*Activity*:
Below this sentence is a listing; return exactly its lines from the one with "VERDE PETRÓLEO 2838" to the one with "Son libres de", both kept, and nothing more.

*Data for review*:

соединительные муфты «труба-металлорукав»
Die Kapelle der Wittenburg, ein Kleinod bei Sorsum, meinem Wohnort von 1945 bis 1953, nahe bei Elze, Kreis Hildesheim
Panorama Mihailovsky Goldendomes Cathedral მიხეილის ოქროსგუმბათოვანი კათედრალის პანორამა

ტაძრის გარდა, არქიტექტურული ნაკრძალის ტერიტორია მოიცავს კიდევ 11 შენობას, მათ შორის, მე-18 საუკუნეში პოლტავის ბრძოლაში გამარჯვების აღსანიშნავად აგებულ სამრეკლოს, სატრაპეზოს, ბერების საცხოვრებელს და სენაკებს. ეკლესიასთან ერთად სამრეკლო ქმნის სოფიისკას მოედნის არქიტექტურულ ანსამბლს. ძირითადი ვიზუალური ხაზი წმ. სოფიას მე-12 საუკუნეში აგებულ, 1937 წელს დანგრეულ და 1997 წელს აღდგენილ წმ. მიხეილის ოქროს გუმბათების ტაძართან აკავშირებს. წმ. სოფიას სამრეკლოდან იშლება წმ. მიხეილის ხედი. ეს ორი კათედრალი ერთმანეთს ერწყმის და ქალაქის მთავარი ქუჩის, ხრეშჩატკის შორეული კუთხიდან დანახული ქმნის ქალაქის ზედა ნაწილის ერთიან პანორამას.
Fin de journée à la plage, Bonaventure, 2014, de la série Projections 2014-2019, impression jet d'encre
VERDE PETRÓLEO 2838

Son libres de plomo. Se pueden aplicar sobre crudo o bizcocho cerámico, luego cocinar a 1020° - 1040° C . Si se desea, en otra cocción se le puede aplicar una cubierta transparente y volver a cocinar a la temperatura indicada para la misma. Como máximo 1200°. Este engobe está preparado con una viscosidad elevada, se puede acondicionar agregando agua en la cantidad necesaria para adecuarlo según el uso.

==

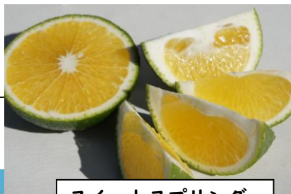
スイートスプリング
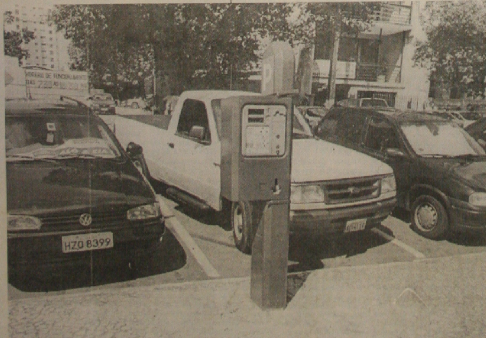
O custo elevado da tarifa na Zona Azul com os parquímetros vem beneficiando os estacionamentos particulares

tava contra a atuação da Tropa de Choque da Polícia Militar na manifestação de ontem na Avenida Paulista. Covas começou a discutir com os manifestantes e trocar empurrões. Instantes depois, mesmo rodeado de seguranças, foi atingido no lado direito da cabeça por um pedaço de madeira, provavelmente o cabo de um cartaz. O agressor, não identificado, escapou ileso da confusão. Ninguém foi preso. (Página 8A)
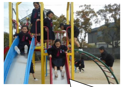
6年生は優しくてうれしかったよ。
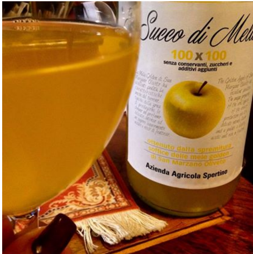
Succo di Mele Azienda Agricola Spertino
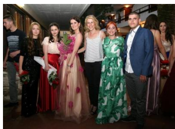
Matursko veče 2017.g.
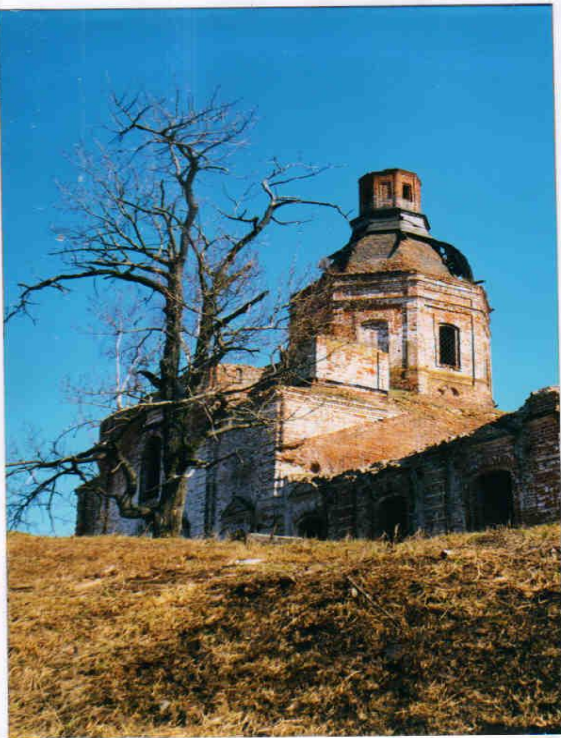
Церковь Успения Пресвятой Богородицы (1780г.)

*Output of the exercise*:
VERDE PETRÓLEO 2838

Son libres de plomo. Se pueden aplicar sobre crudo o bizcocho cerámico, luego cocinar a 1020° - 1040° C . Si se desea, en otra cocción se le puede aplicar una cubierta transparente y volver a cocinar a la temperatura indicada para la misma. Como máximo 1200°. Este engobe está preparado con una viscosidad elevada, se puede acondicionar agregando agua en la cantidad necesaria para adecuarlo según el uso.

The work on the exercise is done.